*** Block opens ***

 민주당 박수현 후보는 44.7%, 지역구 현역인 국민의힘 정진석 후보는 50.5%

*** Block closes ***
*** Block opens ***

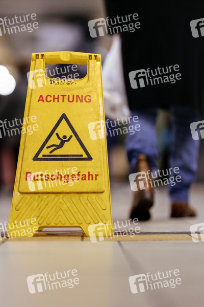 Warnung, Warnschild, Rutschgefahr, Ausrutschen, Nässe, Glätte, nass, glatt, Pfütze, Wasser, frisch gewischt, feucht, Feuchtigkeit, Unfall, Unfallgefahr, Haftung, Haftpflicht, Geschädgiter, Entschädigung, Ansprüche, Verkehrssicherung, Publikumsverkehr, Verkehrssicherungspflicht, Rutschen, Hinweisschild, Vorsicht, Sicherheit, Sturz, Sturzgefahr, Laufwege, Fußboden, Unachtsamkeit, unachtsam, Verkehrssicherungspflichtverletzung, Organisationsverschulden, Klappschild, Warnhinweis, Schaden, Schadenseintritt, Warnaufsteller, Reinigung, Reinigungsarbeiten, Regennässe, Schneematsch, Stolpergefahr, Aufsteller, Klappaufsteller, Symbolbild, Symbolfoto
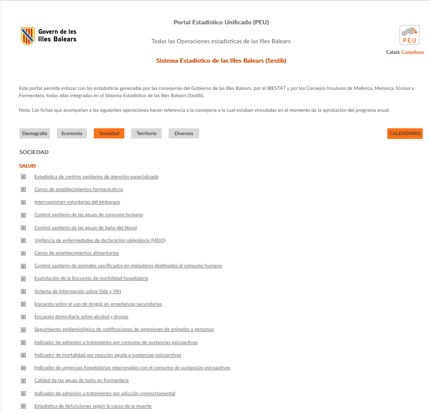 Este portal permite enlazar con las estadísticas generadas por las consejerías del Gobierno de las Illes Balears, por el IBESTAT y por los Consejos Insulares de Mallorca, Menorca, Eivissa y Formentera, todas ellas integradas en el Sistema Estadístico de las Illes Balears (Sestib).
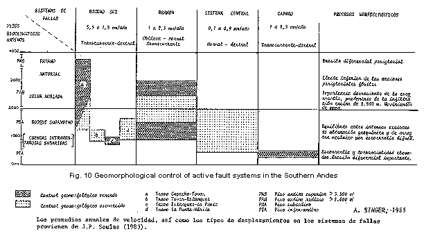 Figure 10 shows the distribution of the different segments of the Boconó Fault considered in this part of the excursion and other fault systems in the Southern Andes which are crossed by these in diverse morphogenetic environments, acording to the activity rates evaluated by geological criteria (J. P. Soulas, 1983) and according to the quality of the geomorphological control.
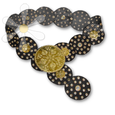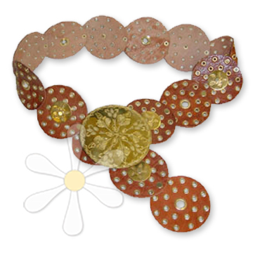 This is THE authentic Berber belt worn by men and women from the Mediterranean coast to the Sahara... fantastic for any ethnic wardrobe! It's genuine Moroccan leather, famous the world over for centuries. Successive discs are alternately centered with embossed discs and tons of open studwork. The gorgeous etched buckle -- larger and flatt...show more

*** Block closes ***
*** Block opens ***

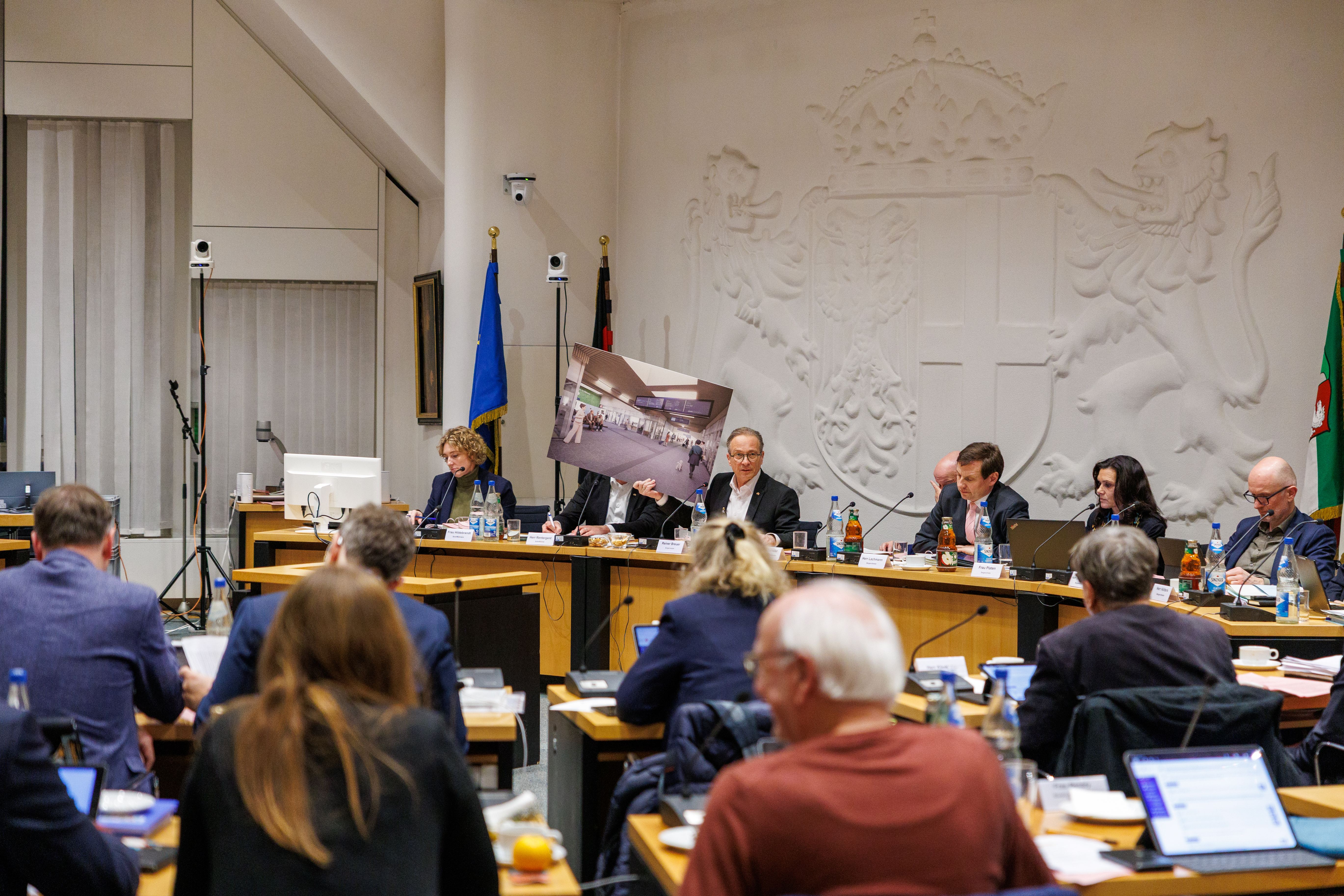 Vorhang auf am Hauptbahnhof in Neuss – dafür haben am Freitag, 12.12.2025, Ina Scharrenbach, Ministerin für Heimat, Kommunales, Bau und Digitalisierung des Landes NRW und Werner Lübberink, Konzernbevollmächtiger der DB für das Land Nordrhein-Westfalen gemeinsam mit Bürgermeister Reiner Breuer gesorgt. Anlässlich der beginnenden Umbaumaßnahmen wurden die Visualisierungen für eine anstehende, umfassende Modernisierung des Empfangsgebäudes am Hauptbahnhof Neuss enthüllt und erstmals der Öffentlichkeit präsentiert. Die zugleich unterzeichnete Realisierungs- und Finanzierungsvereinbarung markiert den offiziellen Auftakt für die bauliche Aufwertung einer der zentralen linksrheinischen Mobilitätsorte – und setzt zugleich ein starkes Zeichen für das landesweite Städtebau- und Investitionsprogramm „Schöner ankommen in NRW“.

*** Block closes ***

> INSTRUCTIONS FOR THE TASK
With the pictures omitted, restate word for word the lines above from the line that has "Figure 10 shows" up to and including the line that has "This is THE", and no other lines.

> TASK RESPONSE
 Figure 10 shows the distribution of the different segments of the Boconó Fault considered in this part of the excursion and other fault systems in the Southern Andes which are crossed by these in diverse morphogenetic environments, acording to the activity rates evaluated by geological criteria (J. P. Soulas, 1983) and according to the quality of the geomorphological control.
 This is THE authentic Berber belt worn by men and women from the Mediterranean coast to the Sahara... fantastic for any ethnic wardrobe! It's genuine Moroccan leather, famous the world over for centuries. Successive discs are alternately centered with embossed discs and tons of open studwork. The gorgeous etched buckle -- larger and flatt...show more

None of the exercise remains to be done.